The detail of those "significant" recommendations are pending reports of the ICO's audits of the main political parties; the main credit reference agencies and major data brokers; and Cambridge University Psychometrics Centre -- which the ICO notes will be published "shortly".
One more interesting detail from the ICO's CA/SCL investigation is it appears the company had been planning to relocate its data offshore to avoid regulatory scrutiny -- presumably as the media furore around the Facebook data scandal cast a spotlight on its processes.
"We also identified evidence that in its latter stages SCL /CA was drawing up plans to relocate its data offshore to avoid regulatory scrutiny by ICO. We have followed up their complex company structure with overseas counterparts and have concluded that while plans were drawn up, the company was unable to put them into effect before it ceased trading," is the regulator's conclusion on that.

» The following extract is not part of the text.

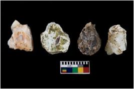 | Description / विवरण | There are n-4 of intact cores. Out of them 3 are made up Chalcedony and 1 is made up of Chert.There are multidirectional irregular dominant scar pattern on both dorsal and ventral face of the cores. |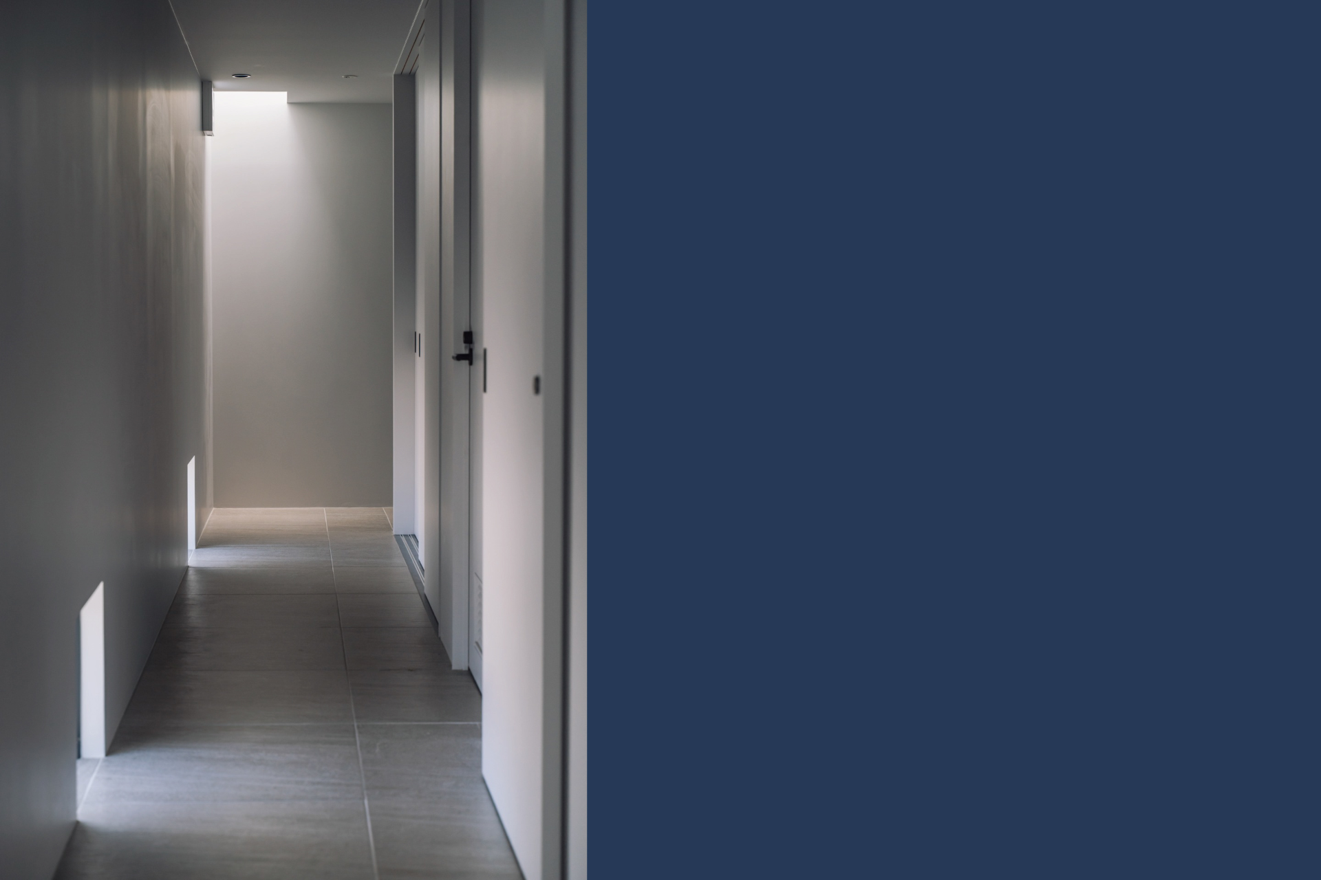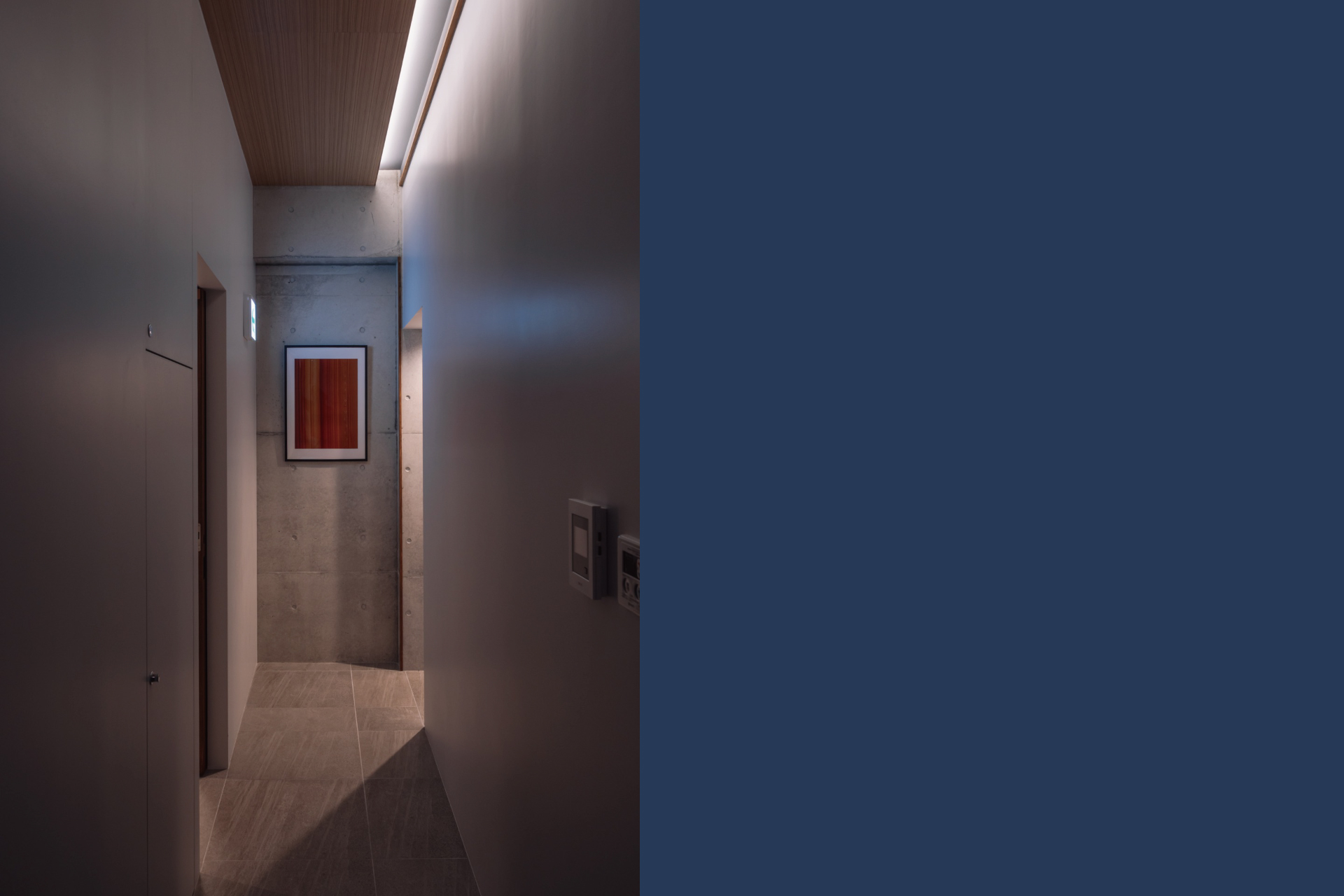石調タイルが落ち着いたグレートーンの廊下。間接照明の陰影が心地よい

On the Facebook data-set itself, the ICO says its investigation found data "in a variety of locations, with little thought for effective security measures". "We found that individuals of interest to the investigation held data on various Gmail accounts," it notes. "Data was also found in servers and appeared to have been shared with a range of parties, for example there was evidence that data had been shared with staff at SCL/CA, Eunoia Technologies Inc [CA whistleblower Chris Wylie's company], the University of Cambridge and the University of Toronto."
The letter also reveals that a number of unnamed "senior figures" associated with the scandal have continued to refuse to cooperate with the ICO's investigation. "Several senior figures have continued to maintain their silence and have declined to be interviewed," it notes.